# Does the battery coolant ever heat the cabin air?



## michigantesla (Mar 9, 2019)

Tech Question:

Will the battery coolant ever directly heat the cabin air? Example the outside air temp is 30 degrees F and the Battery Temp is 100 degrees F. If you set the HVAC to heat can the M3 use this relatively warm coolant to heat the air? To do this there would need to be a radiator of battery coolant that the HVAC air is blown across I suppose.

Part 2: If the heat in the battery coolant can be used to heat the cabin air, then is there a way to turn on heat but not use the resistive heater?


----------



## Bokonon (Apr 13, 2017)

michigantesla said:


> Will the battery coolant ever directly heat the cabin air? Example the outside air temp is 30 degrees F and the Battery Temp is 100 degrees F. If you set the HVAC to heat can the M3 use this relatively warm coolant to heat the air? To do this there would need to be a radiator of battery coolant that the HVAC air is blown across I suppose.


The battery coolant loop is isolated from the HVAC system, so the battery cannot heat the cabin, nor can the resistive heater warm the battery.

Even if they were connected, in 30F weather, you'd have to drive the car for a bit to generate enough heat to warm the pack sufficiently for it to heat the cabin, especially in the case where the battery was cold-soaked (i.e. also close to 30F)... So you'd probably be using resistive heat at the beginning anyway. And by the time the battery warmed up, the heater would require less power to maintain temperature, so the relative gain in efficiency wouldn't be as great.



michigantesla said:


> Part 2: If the heat in the battery coolant can be used to heat the cabin air, then is there a way to turn on heat but not use the resistive heater?

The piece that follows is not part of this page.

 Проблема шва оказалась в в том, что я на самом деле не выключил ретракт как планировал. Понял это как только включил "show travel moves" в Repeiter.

Alas, no. It would be nice if the Model 3 had a heat pump for mild temperatures (40s - 50s), but you'd still need the resistive heater for colder temperatures, and that would add cost and manufacturing complexity.


----------



## michigantesla (Mar 9, 2019)

Bokonon said:


> The battery coolant loop is isolated from the HVAC system, so the battery cannot heat the cabin, nor can the resistive heater warm the battery.
> 
> Even if they were connected, in 30F weather, you'd have to drive the car for a bit to generate enough heat to warm the pack sufficiently for it to heat the cabin, especially in the case where the battery was cold-soaked (i.e. also close to 30F)... So you'd probably be using resistive heat at the beginning anyway. And by the time the battery warmed up, the heater would require less power to maintain temperature, so the relative gain in efficiency wouldn't be as great.


Ahh bummer. In the winter my garage is kept at 55 degrees F. Figured if I charged before leaving in the morning the battery would be significantly warmer than the outside air. So using the heat in the coolant would be nice.

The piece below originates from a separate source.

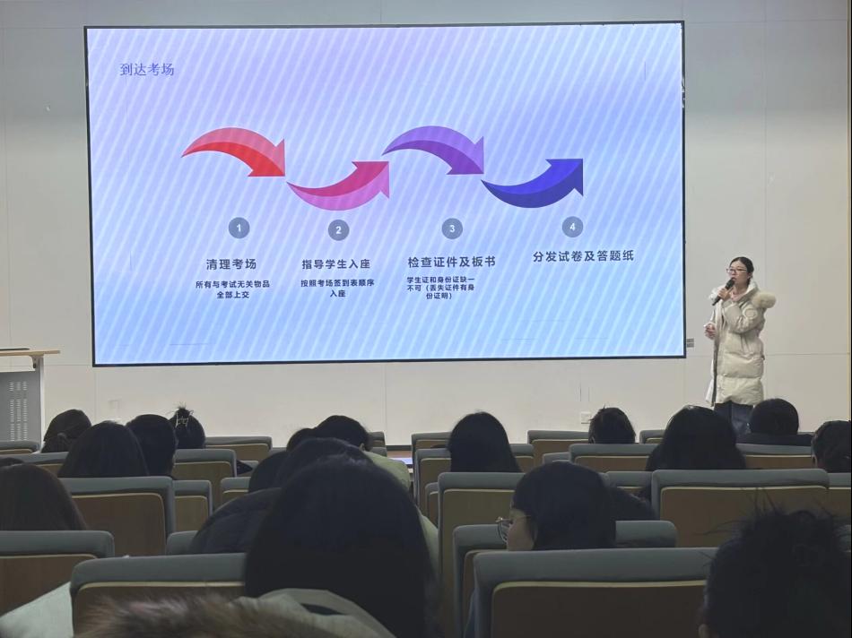 随后,培训会聚焦期末考试考务工作。秦老师详细讲解了期末考试监考全流程,从考前30钟领取材料、考场清理,到证件核查、违纪处理,再到考后试卷整理装订,强调全程规范操作。针对可能出现的突发情况,培训会详细介绍了应急处理流程,确保一旦发生意外能迅速响应、妥善处置,保障考试的公平公正和顺利实施。

But I understand that it would add complexity and another point of failure. Anyway good to know thanks.


----------



## Bokonon (Apr 13, 2017)

michigantesla said:


> bummer. In the winter my garage is kept at 55 degrees F. Figured if I charged before leaving in the morning the battery would be significantly warmer than the outside air. So using the heat in the coolant would be nice.

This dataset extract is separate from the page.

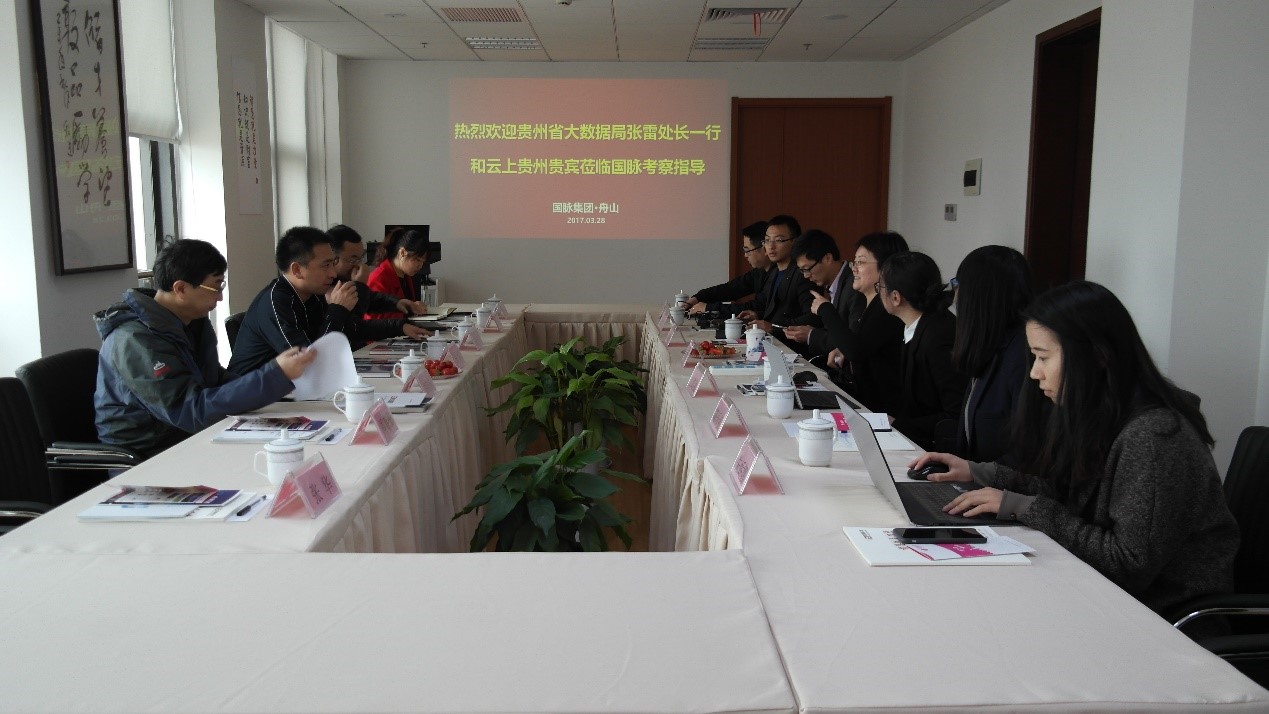 2017年3月28日,貴州省政府大數(shù)據(jù)局?jǐn)?shù)據(jù)資源管理與安全處處長(zhǎng)張雷一行蒞臨國(guó)脈集團(tuán)(舟山)考察指導(dǎo),并與國(guó)脈集團(tuán)洽談戰(zhàn)略合作意向。

Agreed... Though as someone who has no garage at all, I can tell you that charging before you leave to warm the battery in winter definitely has benefits, such as making more regen (and sometimes power) available at the beginning of your drive. So I'd say you're thinking along the right lines.


----------



## JWardell (May 9, 2016)

Not through the HVAC system. But the battery absolutely radiates a lot of heat into the cabin. A 20 minute supercharge on a day in the teens and I was sweating inside!


----------



## Frully (Aug 30, 2018)

I was lead to believe before launch that the motor/battery coolant system would secondarily heat the cabin. Today I learned that is not the case.


----------



## garsh (Apr 4, 2016)

michigantesla said:


> Will the battery coolant ever directly heat the cabin air?


Not yet. But it will in a future version of Tesla vehicles.
@MelindaV spotted this recent patent filing:
https://patents.justia.com/patent/20190070924

And my reaction after reading through it:



garsh said:


> I finally got around to reading that patent.
> *Holy crap, this is going to be awesome!*
> 
> They're not simply replacing the cabin air conditioner with a heat pump. They're integrating the cabin heating/cooling heat pump with the rest of the car's cooling system! This thing is going to great!
> ...


----------



## michigantesla (Mar 9, 2019)

As a follow up to the original post here is some more info. Now that it is cold here in Michigan I am understanding the issue more. Even though I park in an attached garage most nights the pack never stays warm at all for any period of time. 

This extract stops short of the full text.